The next stage in African exploration is connected with the name of the man to whom can be traced practically the whole of recent discoveries. By his tact in dealing with the natives, by his calm pertinacity and dauntless courage, DAVID LIVINGSTONE succeeded in opening up the entirely unknown districts of Central Africa. Starting from the Cape in 1849, he worked his way northward to the Zambesi, and then to Lake Dilolo, and after five years' wandering reached the western coast of Africa at Loanda. Then retracing his steps to the Zambesi again, he followed its course to its mouth on the east coast, thus for the first time crossing Africa from west to east.
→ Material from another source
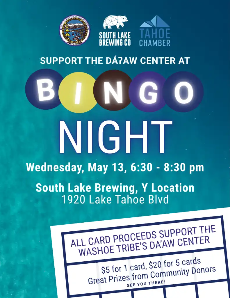Wednesday, May 13, 2026, 6:30 pm. Washoe Tribe Community Center at our Bingo Night Fundraiser at South Lake Brewing Company!

In a second journey, on which he started in 1858, he commenced tracing the course of the river Shiré, the most important affluent of the Zambesi, and in so doing arrived on the shores of Lake Nyassa in September 1859.

Meanwhile two explorers, Captain (afterwards Sir Richard) Burton and Captain Speke, had started from Zanzibar to discover a lake of which rumours had for a long time been heard, and in the following year succeeded in reaching Lake Tanganyika. On their return Speke parted from Burton and took a route more to the north, from which he saw another great lake, which afterwards turned out to be the Victoria Nyanza. In 1860, with another companion (Captain Grant), Speke returned to the Victoria Nyanza, and traced out its course. On the north of it they found a great river trending to the north, which they followed as far as Gondokoro. Here they found Mr. (afterwards Sir Samuel) Baker, who had travelled up the White Nile to investigate its source, which they thus proved to be in the Lake Victoria Nyanza. Baker continued his search, and succeeded in showing that another source of the Nile was to be found in a smaller lake to the west, which he named Albert Nyanza. Thus these three Englishmen had combined to solve the long-sought problem of the sources of the Nile.

The discoveries of the Englishmen were soon followed up by important political action by the Khedive of Egypt, Ismail Pasha, who claimed the whole course of the Nile as part of his dominions, and established stations all along it. This, of course, led to full information about the basin of the Nile being acquired for geographical purposes, and, under Sir Samuel Baker and Colonel Gordon, civilisation was for a time in possession of the Nile from its source to its mouth.